Board member Dan Greenwell said 163 of the 1,080 Sioux City School District teachers make less than $50,000 in salary, and would be impacted if the teacher pay measure gets enacted. Greenwell said those impacted teachers would get a combined $465,000 in extra salary money coming from the state.

Board member Treyla Lee noted that if the minimum salary goes to $50,000, many district teachers with up to five years of experience will be making close to the same amount as the newer teachers, a dynamic that Greenwell called “compression.”

Currently, teachers in the Sioux City district make a combined $74 million dollars in salary, with millions more once benefits are tacked on.

The district will soon begin the collective bargaining process to set salaries and other details of union contracts with teachers and other employee groups. The employees are represented by the Sioux City Education Association and one other union group, who will start the process by making an opening proposal on March 5.

Down in the Iowa Legislature on Tuesday, two bills that would enforce age restrictions online were advanced by the Iowa House Judiciary Committee.

One proposal would require social media companies to have permission from parents before allowing minors to create accounts. Parents would also receive access to see what their children are posting.
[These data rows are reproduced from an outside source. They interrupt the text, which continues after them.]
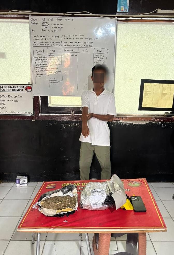 Penangkapan ini berawal dari informasi yang diterima dari Direktorat Resnarkoba Polda NTB pada Rabu, 12 November 2025 terkait adanya satu paket kiriman melalui kantor pos yang diduga berisi ganja dan ditujukan ke wilayah Kabupaten Dompu. Menindaklanjuti informasi tersebut, Kasat Resnarkoba Polres Dompu IPTU Rahmadun Siswadi, S.H. memerintahkan KBO Resnarkoba IPDA Sumaharto bersama Tim Opsnal untuk melakukan penyelidikan.
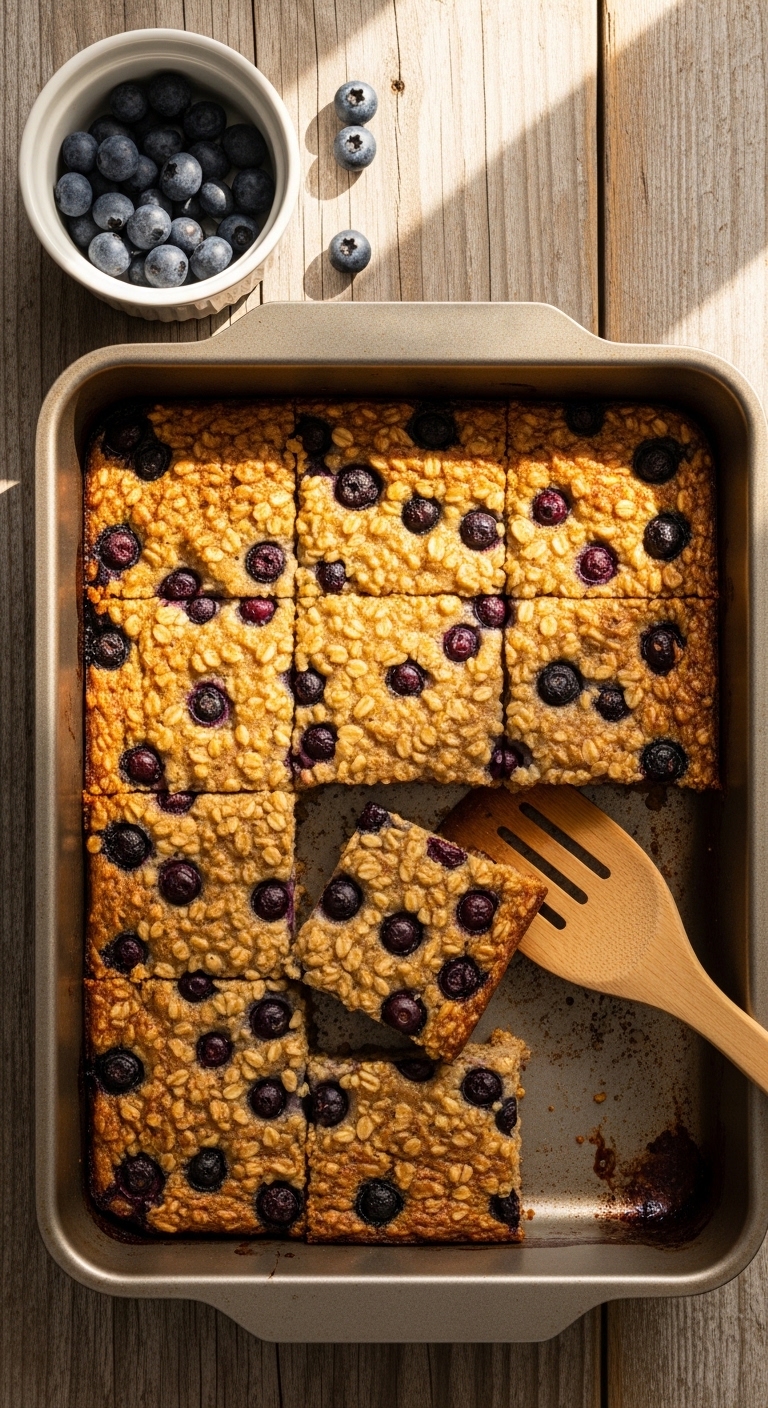 These baked oatmeal squares are soft, lightly sweet, and portable. They’re a wholesome breakfast bar alternative with fiber from oats and natural sweetness from blueberries. Cutting squares makes portion control simple for weight loss. They have a tender crumb and slightly crisp edges. If you like oatmeal but want something you can pack, these squares are ideal.
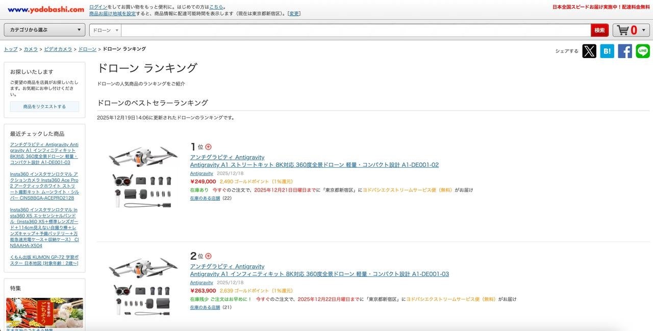 その中で、Antigravity A1は発売からわずか3時間以内に、国内大手家電量販店のドローン販売ランキングで第1位を獲得し、24時間以内にはトップ2を独占したことが明かされました。
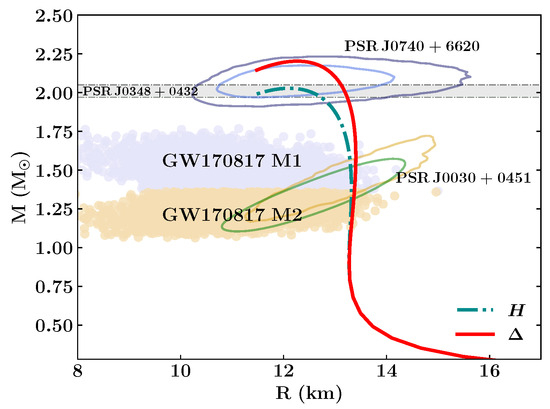 With the ever-growing observations of massive stars, the role of exotic matter such as quarks, hyperons, etc., in compact stars has become interesting and important, particularly since very little is known about nucleon–hyperon, hyperon–hyperon or delta’s interaction in matter. The observation of high-mass pulsars severely constrains the EoS and therefore the particle interactions, particularly when one considers exotics like hyperons or quarks in their inner shells. Their presence is known to have a softening effect on the EoS on one hand, while on the other hand we require a stiffer EoS in order to achieve a massive neutron star configuration. There are several prescriptions available in the literature to obtain high-mass stars; for example, one may consider the effect of repulsive hyperon–hyperon interactions [45,46] or repulsive hyperonic three-body forces [47,48,49] or even a phase transition to deconfined quark matter [50,51].
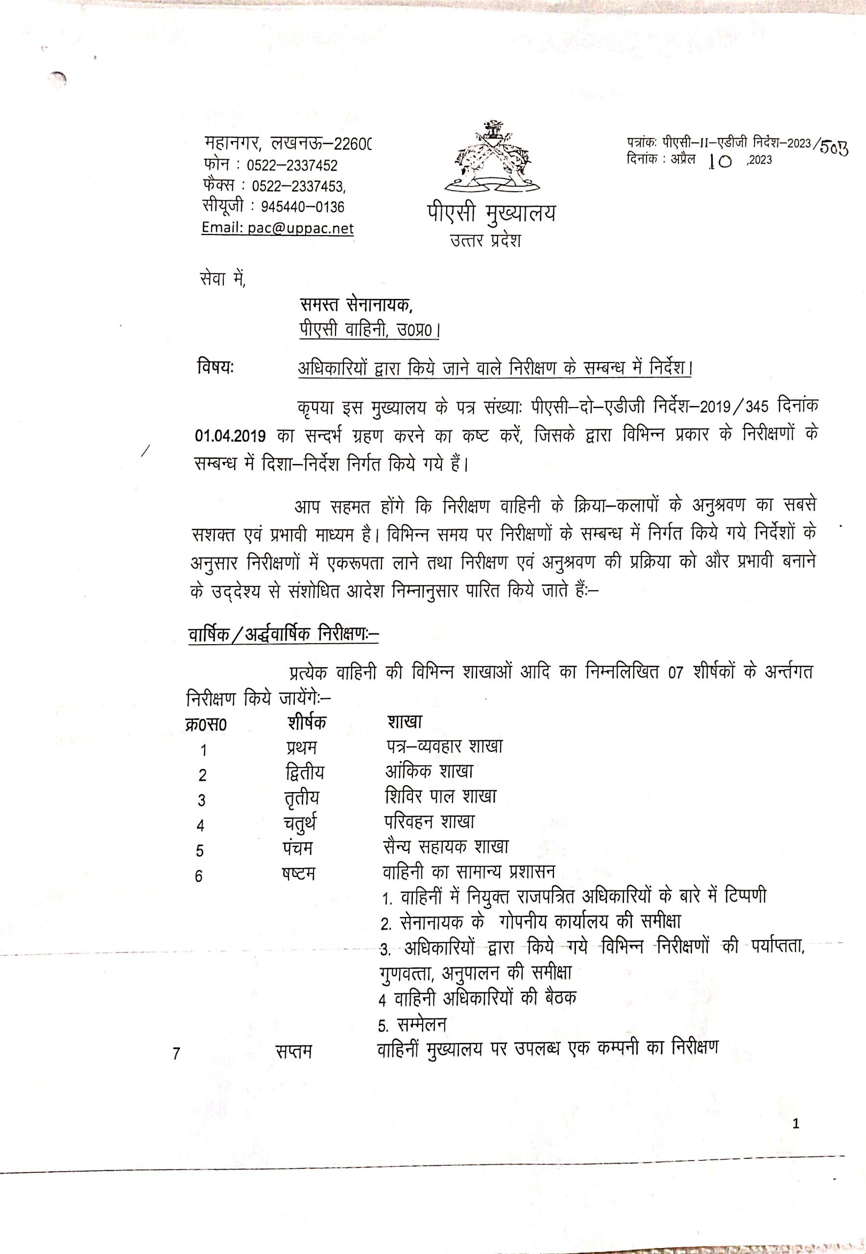 अधिकारीयों द्वारा किये जाने वाले निरीक्षण के सम्बन्ध में निर्देश 10,अप्रैल, 2023
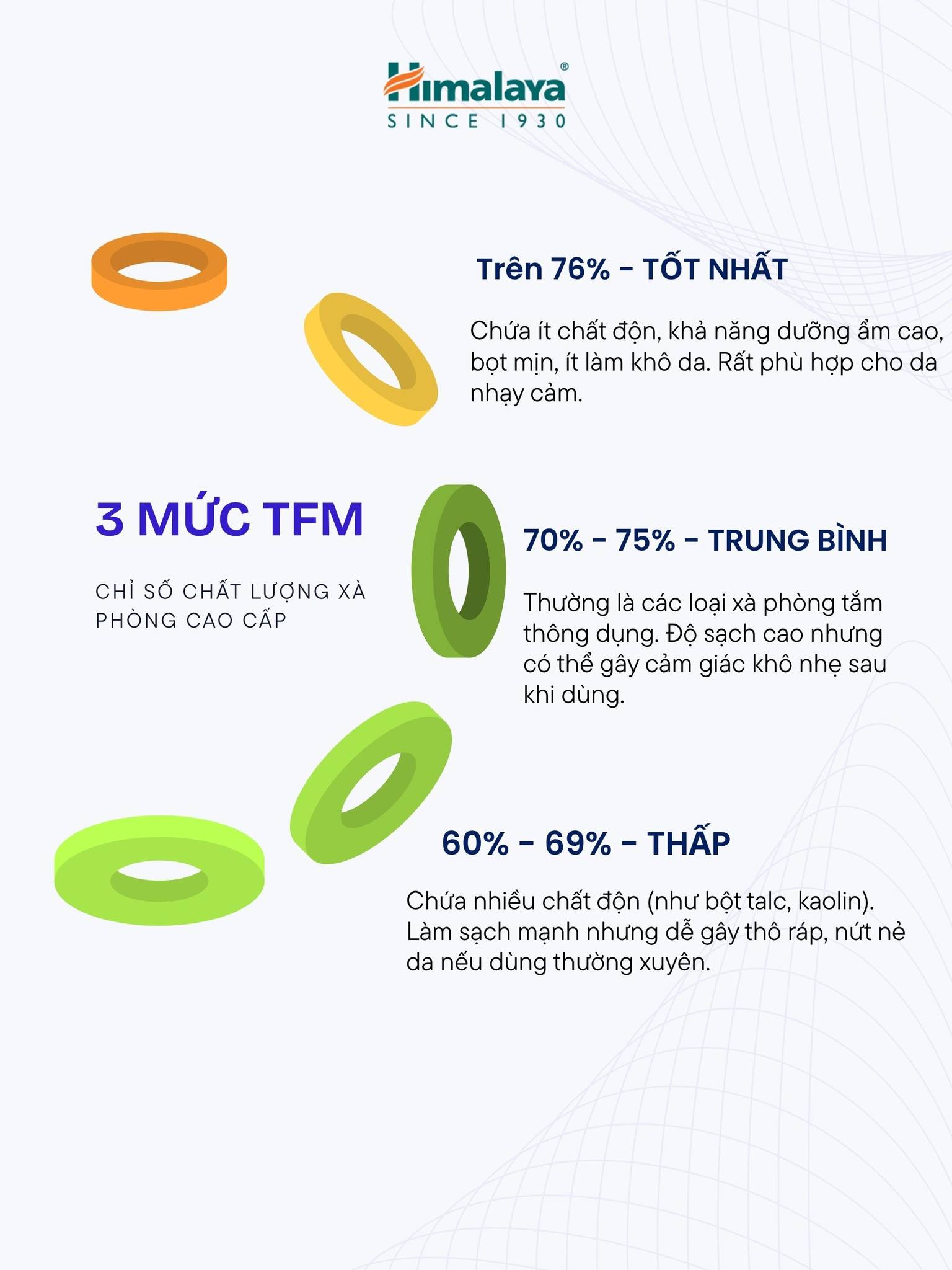 Khác biệt hoàn toàn với các dòng xà phòng thông thường, sản phẩm sở hữu chỉ số TFM lên đến 78% – đạt chuẩn Grade 1 (Loại 1) cao nhất theo tiêu chuẩn quốc tế. Chỉ số TFM (Total Fatty Matter) càng cao chứng tỏ xà phòng càng giàu hàm lượng chất béo dưỡng da từ dầu thảo mộc tự nhiên và ít chất độn hóa học. Điều này giúp sản phẩm không chỉ làm sạch sâu, tiêu diệt vi khuẩn mụn triệt để mà còn giữ lại lớp màng ẩm mượt trên da. Bạn sẽ cảm nhận được làn da sạch thoáng nhưng vẫn mềm mại, không hề có cảm giác khô căng hay "kin kít" khó chịu sau khi tắm, cực kỳ an toàn và dịu nhẹ cho những vùng da đang bị viêm nhiễm hoặc nhạy cảm do mụn.

The other bill was amended to require users to prove they’re over 18 years old before they can go on porn sites. Similar measures have passed in several other states in recent years, such as Louisiana and Utah, where they have drawn First Amendment legal challenges.

Both bills can now come up for debate in the Iowa House.
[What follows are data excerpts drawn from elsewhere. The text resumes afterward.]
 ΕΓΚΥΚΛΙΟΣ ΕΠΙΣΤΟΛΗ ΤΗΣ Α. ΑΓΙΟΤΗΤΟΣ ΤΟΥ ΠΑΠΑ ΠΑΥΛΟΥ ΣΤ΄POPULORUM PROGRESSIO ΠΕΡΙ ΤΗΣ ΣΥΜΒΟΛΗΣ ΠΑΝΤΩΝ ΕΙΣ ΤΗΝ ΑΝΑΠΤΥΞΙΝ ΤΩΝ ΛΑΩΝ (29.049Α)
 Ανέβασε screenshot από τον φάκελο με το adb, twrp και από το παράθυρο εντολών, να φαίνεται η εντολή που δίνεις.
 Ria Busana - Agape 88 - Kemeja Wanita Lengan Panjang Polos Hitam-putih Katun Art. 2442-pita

Additionally, a bill advancing out of an Iowa House subcommittee is aimed at financially supporting more full day preschool programs across the state.

Currently, a school district receives half of the regular state cost per pupil for each student in preschool.

Republican Rep. Henry Stone says his bill would provide full funding for the low-income students in those programs.

The bill is now headed to the House Education Committee.

In one additional legislative matter, Iowa Senate Democrats have proposed four bills aimed at addressing issues around safety and accountability in Iowa’s nursing homes.

They’d add more nursing home inspectors, raise the wages of direct-care workers, create a board for nursing home oversight, and raise the personal needs allowance for long-term care residents on Medicaid.

Democratic Senator Claire Celsi said she got input from advocates all over the state to help craft these bills.

Senate Republicans have rejected previous requests by Democrats for an oversight hearing about nursing homes, and it is not likely that they will move these bills forward.